Emerging malware threats, identified as wipe and worm types, initiate cyber assault on Ukrainian government and commercial sectors.

In a series of cyberattacks, Ukraine's digital infrastructure has been under threat, with several malware strains being identified. The latest update from the Cybersecurity and Information Security Agency (CISA) on April 29, 2022, mentions destructive malware deployed in connection with the Ukraine invasion, including WhisperGate, HermeticWiper, HermeticWizard, IsaacWiper, and CaddyWiper.

The attacks, which began last week, coincided with the start of Russia's military attacks on Ukraine, according to security researchers at ESET and Microsoft. Brad Smith, vice chair and president of Microsoft, made a blogpost about these cyberattacks, expressing concern about potential cyber threats against civilian targets in Ukraine, such as finance, agriculture, emergency response, humanitarian aid, and energy.

One of the malware strains, IsaacWiper, was launched against Ukrainian government systems on Feb. 24, following the launch of HermeticWiper on Feb. 23. However, researchers have not been able to directly attribute IsaacWiper to any particular threat actor. It's not immediately known whether a package of malware mentioned by Smith, FoxBlade, is part of the same malware detected by ESET or a separate strain.

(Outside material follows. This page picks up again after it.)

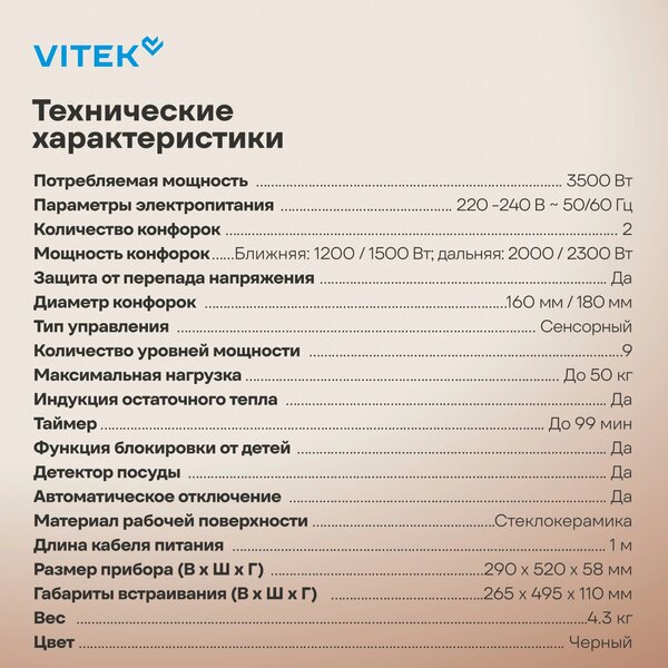 Варочная панель Индукционная варочная поверхность Vitek VHI3210 черный купить в интернет-магазине TPShop.Ru. Наличный и безналичный расчет, розничные и оптовые продажи. Самовывоз, доставка по Москве и МО, отправка во все регионы России.

Microsoft researchers detected a round of cyberattacks targeting Ukraine's digital infrastructure hours before the launch of missile attacks against the country on Feb. 24. The company provided threat intelligence and defensive advice to officials about the attacks, which targeted Ukrainian military, local manufacturers, and several government agencies.

Additionally, Microsoft shared information about each of the attacks with the Ukrainian government, according to Smith. Anne Neuberger, White House deputy national security advisor for cyber- and emerging technologies, asked Microsoft to share details of the code with the Baltics, Poland, and other European nations.

The new malware found in Ukraine has been precisely targeted, according to researchers. Unlike the 2017 NotPetya attacks, it has not been found to spread across the nation's economy or to other targets outside its borders. ESET researchers have identified three components to the Hermetic Wiper attacks: HermeticWiper for data wiping, HermeticWizard for spreading the attack on local networks, and HermeticRansom as a decoy ransomware.

HermeticWiper is more sophisticated than IsaacWiper, as per ESET head of threat research, Jean-Ian Boutin. HermeticWizard contains a worm component that was used to spread the wiper into a separate compromised network.

In a recent development, a new version of IsaacWiper, containing debug logs, was dropped on Feb. 25, possibly indicating the original wiper failed to erase data of the targeted systems. Despite these cyber threats, the Ukrainian government continues to respond to the ongoing crisis and protect its digital infrastructure.

Emerging malware threats, identified as wipe and worm types, initiate cyber assault on Ukrainian government and commercial sectors.